January 20, 1755: “Paris: We hear that M. Macnamara, Lieut. Gen. of the king’s naval forces, has been sent for to court, and is appointed to command the squadron actually equipped at Brest and Rochefort; that he is to hoist his flag on board the Formidable, of 80 guns, and is to have three chefs d’escadre under him, viz, Count Dubois de la Motte, M. Perrier de Salvett, and M. de Montlonet.  This squadron, ‘tis pretended, will consist of six ships of the line, five frigates, and ten transports of five, eight, and ten guns.  The number of troops to be embarked is set at 3000; but nothing can be positively asserted as to the numbers of men and ships.”

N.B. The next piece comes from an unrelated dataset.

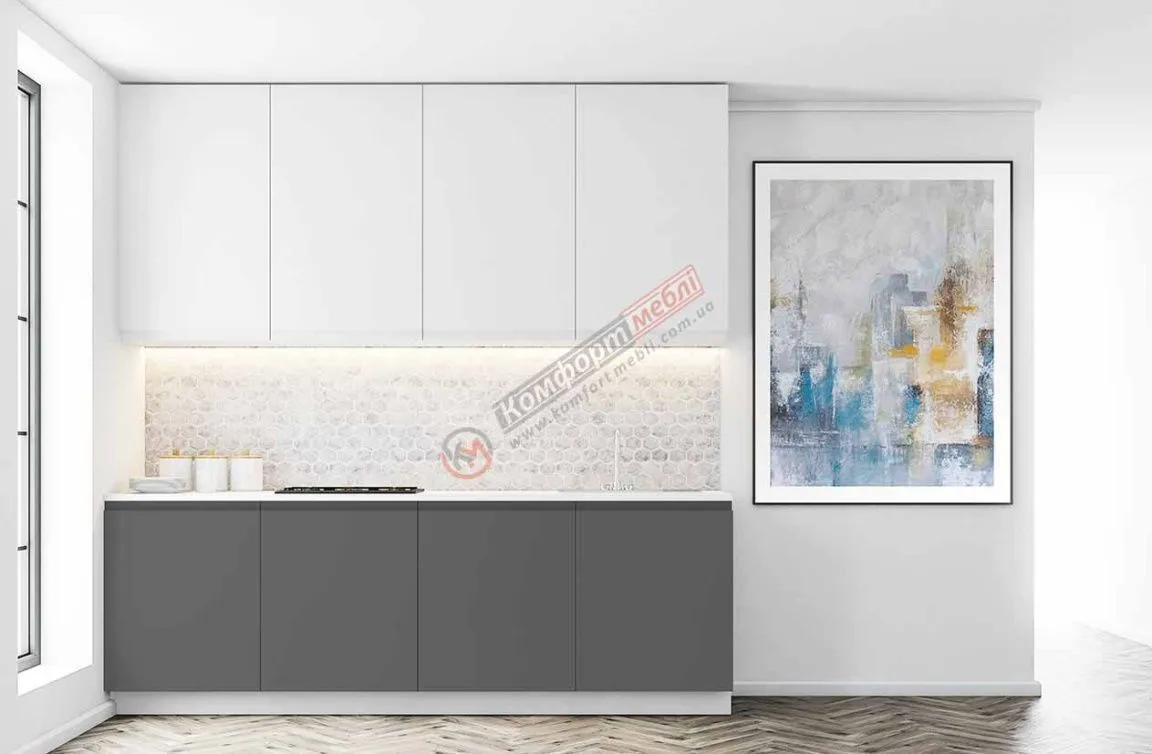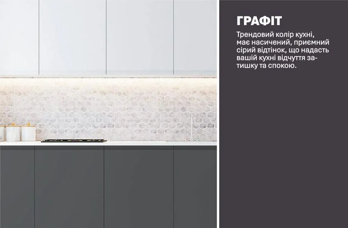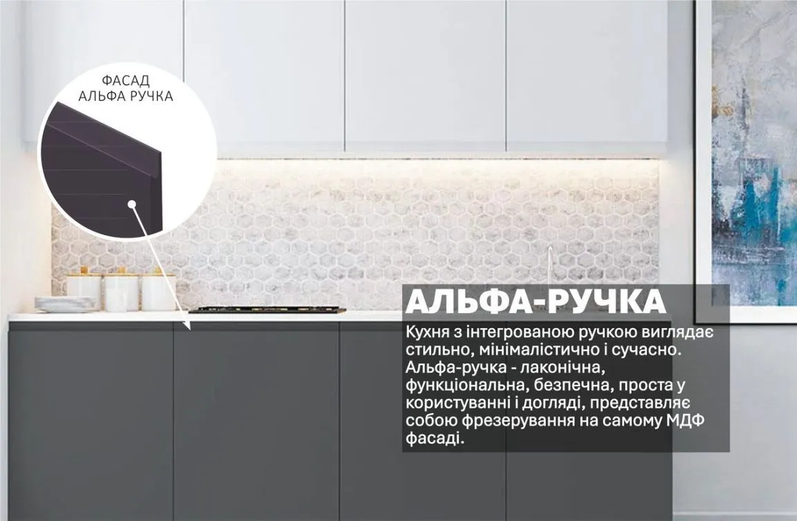 Готова кухня Комфорт Альфа ручка 2м фарбований МДФ Білий, Графіт

January 23, 1755: “A proclamation was issued to encourage seamen to enter themselves on board his majesty’s ships of war, by offering each able seaman, between twenty and fifty year of age, who shall enter voluntarily, 30s. bounty-money; and ordinary seaman, 20s. bounty-money.  The same night the press for seamen was very warm below bridge, and the next day there was a very warm press for landmen, to man the guardships in the room of those who will be removed on board ships lately commissioned, and ordered to be got ready with all expedition for service.”